Project 1: Image Filtering and Hybrid Images

Example output of sobel filter

In this project I implemented the code to generate hybrid images. This was done by implementing the filtering operation and extracting low frequencies from one image and the high frequencies from the other image and summing it up. The low frequencies correspond to blurrier image which can be obtained by convolving the image with a guassian filter. The high frequency component of an image can be obtained by subtracting the blurrier component of the image.

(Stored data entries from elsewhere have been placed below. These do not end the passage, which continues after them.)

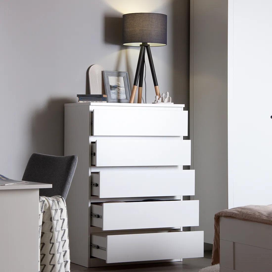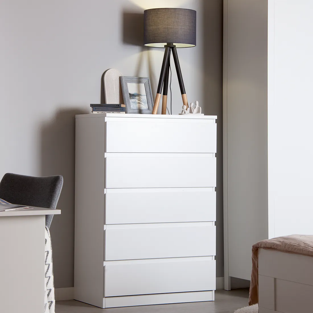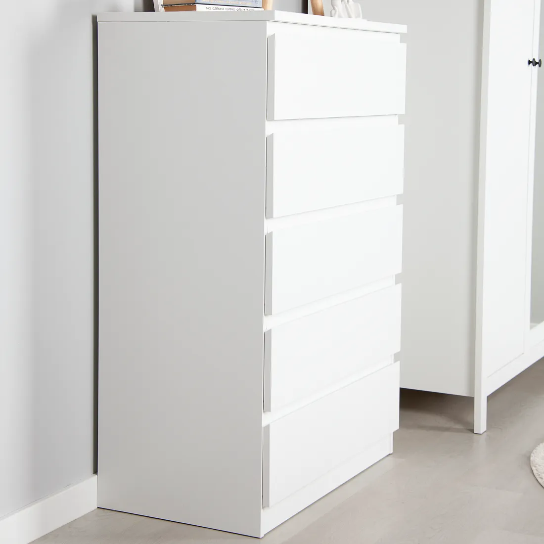 Комод МАЛЬТА с пятью выдвижными ящиками, 803х480х1212, цвет Белый. Крепится к стене. Гарантийный срок для жилых помещений 24 месяца, для общественных помещений - 18 месяцев.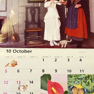 10月のターシャテューダーの暦と観葉植物たち アンスリウムが2階で花を咲かせてきました❗️ 今月も富士山や植物共々よろしくお願いします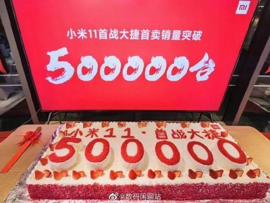 资料显示,小米11在1月1日首销开售5分钟便卖出35万台,目前仅京东一个平台的销量便突破了41万。据知名爆料博主“数码闲聊站”透露,小米11本月初的首卖销量已经突破50万台,并且晒出了小米高管团队庆祝销量破50万的现场庆祝图,据传其全网销量已经破百万。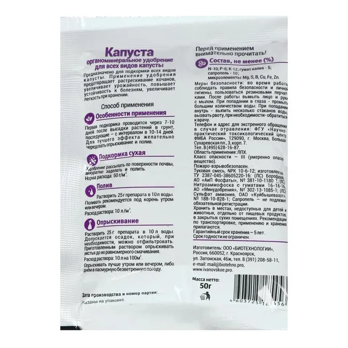 Минеральное удобрение подойдёт для подкормок всех видов капусты, включая цветную.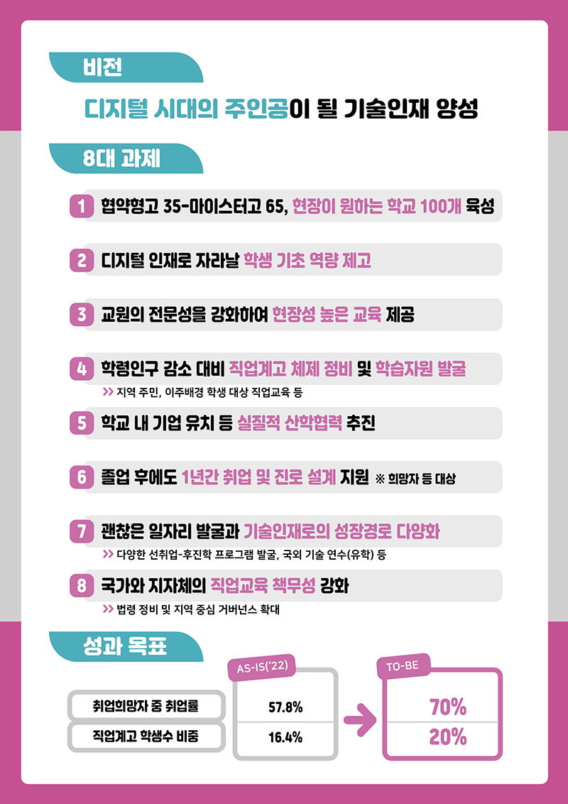 이 밖에 국가·지자체의 직업교육 책무성을 강화하기 위해 직업계고 졸업자의 고용 촉진 및 후속관리에 대한 근거 규정 신설 등 양질의 직업교육을 위한 제도적 뒷받침에도 힘쓴다.

Based on the examples provided the following five hybrid images were constructed
  1. cat and dog
  2. einstein and marilyn monroe
  3. bird and plane
  4. fish and submarine
  5. bicycle and motorcycle

Implementation details

I first implemented the code as a loop. Let filter_rows and filter_cols denote the number of rows and columns in the filter respectively. To calculate each pixel in the output image, I was doing filter_rows * filter_cols multiplication operations. This was very slow and took more than 5 minutes when the filter size was large. The next thing I tried was using the matlab inbuilt functions im2col and bsxfun which allowed me to unfold the image for each of the distinct filter positions (while sliding) and do a matrix vector multiplication as a single operation. This improved the speed of the code manifold. Simple padding with zeros was used

Example of code with highlighting

The following is the code snippet from my implementation


%example code
filter = imrotate(filter, 180);

%Get the size of input image and the filter
[rows, cols, channels] = size(image);
[filter_rows, filter_cols] = size(filter);

nr_rows_to_pad = (filter_rows-1)/2;
nr_cols_to_pad = (filter_cols-1)/2;
padded_image = padarray(image, [nr_rows_to_pad, nr_cols_to_pad ]);

output = zeros(rows, cols, channels);
for channel=1:channels;
  img = padded_image(:,:,channel);
  %Using the loop version of convolution was very slow. im2cols takes a
  %sliding convolution kernel(matrix) and emits one column for each
  %distinct position of the sliding matrix. The values are read columnwise.
  img_to_col = im2col(img, [filter_rows, filter_cols]);
  filter_as_col = reshape(filter, [filter_rows*filter_cols 1]);
  %multiply the filter with the col in a single operation
  conv = bsxfun(@times, img_to_col, filter_as_col);
  
  %Take the sum to compute the final value of the pixel
  conv = sum(conv);
  
  %Reshape back to an image
  output(:,:, channel) = col2im(conv, [1 1], [rows cols]);
end


The following is the output produced for the five pairs

Note that the filter was rotated by 180 degree before convolving with the image. This is because filter operation is actually convolving with the filter rotated by 180 degree.